“It isn’t actually the getting of the person that is hot on the screen,” Coolidge says in the film’s commentary track. Under her direction, there was limited flesh and fornication in Valley Girl, unlike a slew of other teen comedies at the time. “Putting my producer’s hat on, I sort of thought it might not be a bad idea to hire a woman,” Lane told me, adding, “clearly, it’s a woman’s story.” Coolidge had already directed 1976’s Not a Pretty Picture, based on a sexual assault she experienced as a teenager, and was known for being good with actors. Lane had considered making Valley Girl his directorial debut, but he knew Coolidge through a mutual friend. The team was in preproduction within mere weeks, and filming took place over a single month.
#Black and white romantic photo movie#
The somewhat slapdash production values of Valley Girl are no doubt down to the relatively low budget (Coolidge was paid $5,000) and the fact that the movie was written in about 10 days, according to Lane. At the time, Lane said, the movie studio Atlantic Entertainment was getting squeezed out of the art-house market by bigger players and needed a new indie it gave Lane and Crawford the green light and $350,000. Valley Girl’s writers originally pitched it, in Lane’s words, as similar to Shakespeare’s classic tragedy but “without the death,” playing off long-standing tensions between surfers in L.A. It should also be recognized for refocusing the basic critique of youth materialism to a wider comment on societal materialism.

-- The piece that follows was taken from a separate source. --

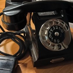 Telefonapparat i svart färg. Telefonen har en vev på sidan och en lur som vilar på en metallhållare ovanpå enheten. En tygklädd sladd ansluter luren till basenheten. En annan tygklädd sladd med en rund anslutningsplatta med synliga ledningar kommer ut från basenhetens baksida.

It’s why this year-the film’s 40th anniversary-saw a string of screenings supported by filmmakers such as Karyn Kusama and Kevin Smith. Valley Girl has always been known among its admirers for going deeper than it was expected to. Yet even as the film drew on teen-girl tropes, it treated its characters with care rather than ire, taking its kids seriously. Initially, they saw the film as a way of taking advantage of “what today you would call a ‘viral’ thing,” Lane told me. The 1983 romantic comedy Valley Girl, directed by Martha Coolidge, is a modern reimagining of Romeo and Juliet written by the film producers Andrew Lane and the late Wayne Crawford. Yet the Valley girl has always been an overly easy target-and one film, released shortly after the Zappa single, understood that. Other examples include Cher from Clueless, Elle from Legally Blonde, the Kardashians, and any number of Real Housewives. She no longer has to live in California or even be an adolescent, but she still represents a particular kind of frivolous suburbanite encouraged by a consumer society to do little more than shop, party, and tan. Referring to the region most associated with this vacuous figure, Zappa told David Letterman, “It’s perhaps one of the most disgusting places on the face of the Earth, and I wrote this song about the values of the people in the San Fernando Valley.” Such scorn remains a common reaction to the Valley-girl archetype. Zappa, known for his satirical, experimental compositions, had been inspired to record the song with his kid, who imitated her private-school classmates on the recording.

“She got a whole bunch of nothing in there,” Frank Zappa sings in “Valley Girl,” his 1982 novelty tune and the original source for a certain Southern Californian, well-to-do, teen-bimbo stereotype.